Writing the Schema
In Gaffer JSON based schemas need to be written upfront to model and understand how to load and treat the data in the graph. These schemas define all aspects of the entities and edges in the graph, and can even be used to automatically do basic analysis or aggregation on queries and ingested data.
For reference, this guide will use the same CSV data set from the project setup page.
Elements Schema
In Gaffer, an element refers to any object in the graph, i.e. your entities and edges. To set
up a graph we need to tell Gaffer what objects are in the graph and the properties they have. The
standard way to do this is a JSON config file in the schema directory. The filename can just be
called something like elements.json
, the name is not special as all files under the schema
directory will be merged into a master schema, but we recommended
using an appropriate name.
As covered in the Getting Started Schema page, to write a schema you can see that there are some required fields, but largely a schema is highly specific to your input data.
Starting with the entities
from the example, we can see there will be two distinct types of entity
in the graph; one representing a Person
and another for Software
. These can be added into the
schema to give something like the following:
The types here such as id.person.string
are covered in the next section.
{
"entities": {
"Person": {
"description": "Entity representing a person vertex",
"vertex": "id.person.string"
},
"Software": {
"description": "Entity representing a software vertex",
"vertex": "id.software.string"
}
}
}
From the basic schema you can see that we have added two entity types for the graph. For now, each
entity
just contains a short description and a type associated to the vertex
key. The type here
is just a placeholder, but it has been named appropriately as it's assumed that we will just use the
string representation of the entities id (this will be defined in the types.json
later in the
guide).
Expanding on the basic schema we will now add the edges
to the graph. As the example graph is
small we only need to add one edge - the Created
edge. This is a directed edge that connects a
Person
to a Software
and can be defined as the following.
{
"edges": {
"Created": {
"source": "id.person.string",
"destination": "id.software.string",
"directed": "true"
}
},
"entities": {
"Person": {
"description": "Entity representing a person vertex",
"vertex": "id.person.string"
},
"Software": {
"description": "Entity representing a software vertex",
"vertex": "id.software.string"
}
}
}
As discussed in the user schema guide, edges have some mandatory fields. Starting with
the source
and destination
fields, these must match the types associated with the vertex field
in the relevant entities.

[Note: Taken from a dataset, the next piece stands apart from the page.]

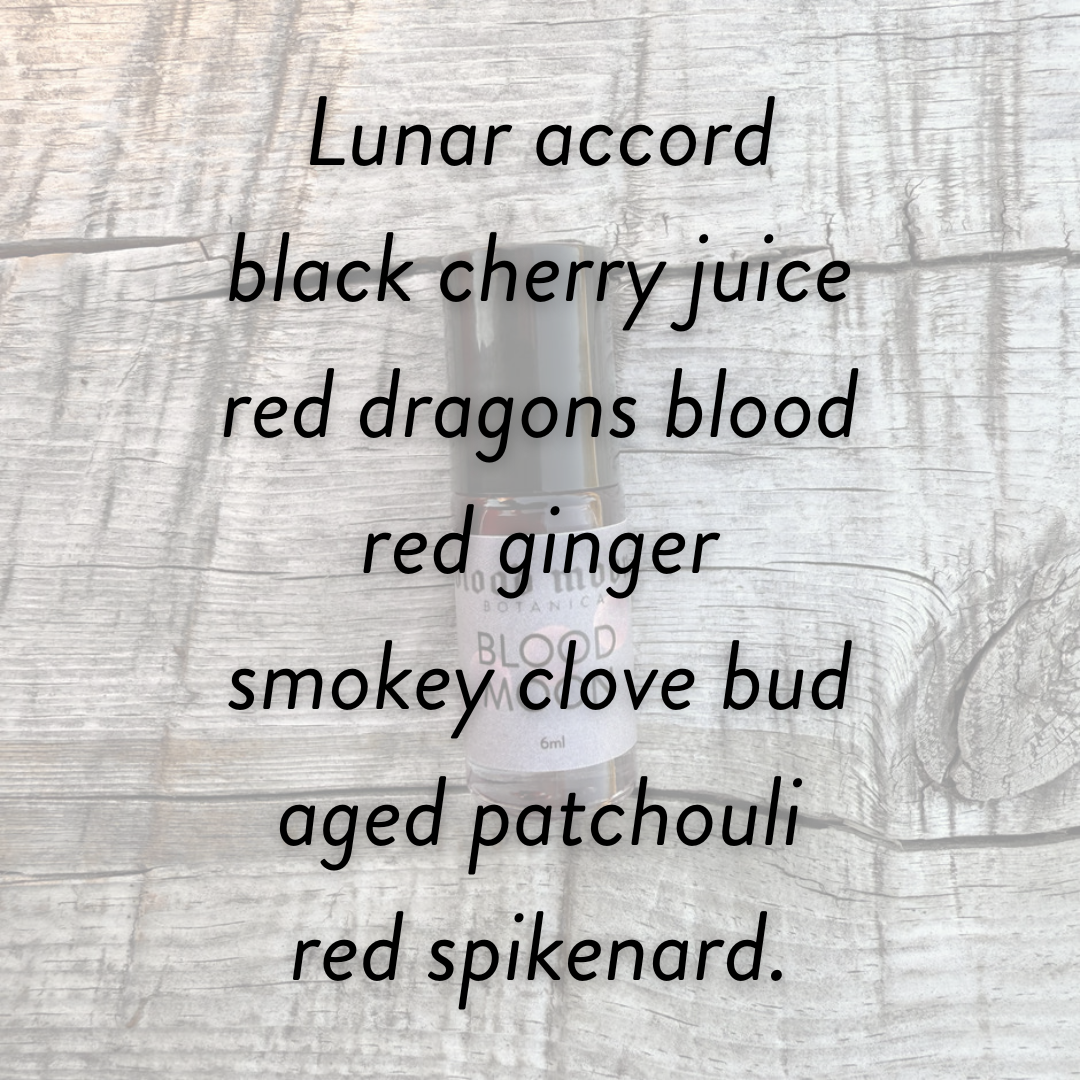 In honor of the full Blood Moon, and the namesake of my craft: Lunar accord, blended with black cherry juice, red dragons blood, red ginger, smokey clove bud, aged patchouli and a touch of red spikenard.

From the example, we can see that the source of a Created
edge is a
Person
so we will use the placeholder type we set as the vertex
field which is
id.person.string
. Similarly the destination is a Software
vertex so we will use its placeholder of
id.software.string
.
We must also set whether an edge is directed or not, in this case it is as only a person can create
software not the other way around. To set this we will use the true
type, but note that this is a
placeholder and must still be defined in the types.json.
Continuing with the example, the entities and edges also have some properties associated with each such as name, age etc. These can also be added to the schema using a properties map to result in the extended schema below.
{
"edges": {
"Created": {
"source": "id.person.string",
"destination": "id.software.string",
"directed": "true",
"aggregate": "false",
"properties": {
"weight": "property.float"
}
}
},
"entities": {
"Person": {
"description": "Entity representing a person vertex",
"vertex": "id.person.string",
"aggregate": "false",
"properties": {
"name": "property.string",
"age": "property.integer"
}
},
"Software": {
"description": "Entity representing a software vertex",
"vertex": "id.software.string",
"aggregate": "false",
"properties": {
"name": "property.string",
"lang": "property.string"
}
}
}
}
Note
Take note of the "aggregate": "false"
setting, this skips any ingest aggregation as it is not
required and out of scope of this example. All entity property types must have an aggregation
function in Gaffer unless this option is added. Aggregation is fairly advanced topic in Gaffer
but very powerful it is covered in more depth later in the documentation.
Types Schema
The other schema that now needs to be written is the types schema. As you have seen in the elements schema there are some placeholder types added as the values for many of the keys. These types work similarly to if you have ever programmed in a strongly typed language, they are essentially the wrapper for the value to encapsulate it.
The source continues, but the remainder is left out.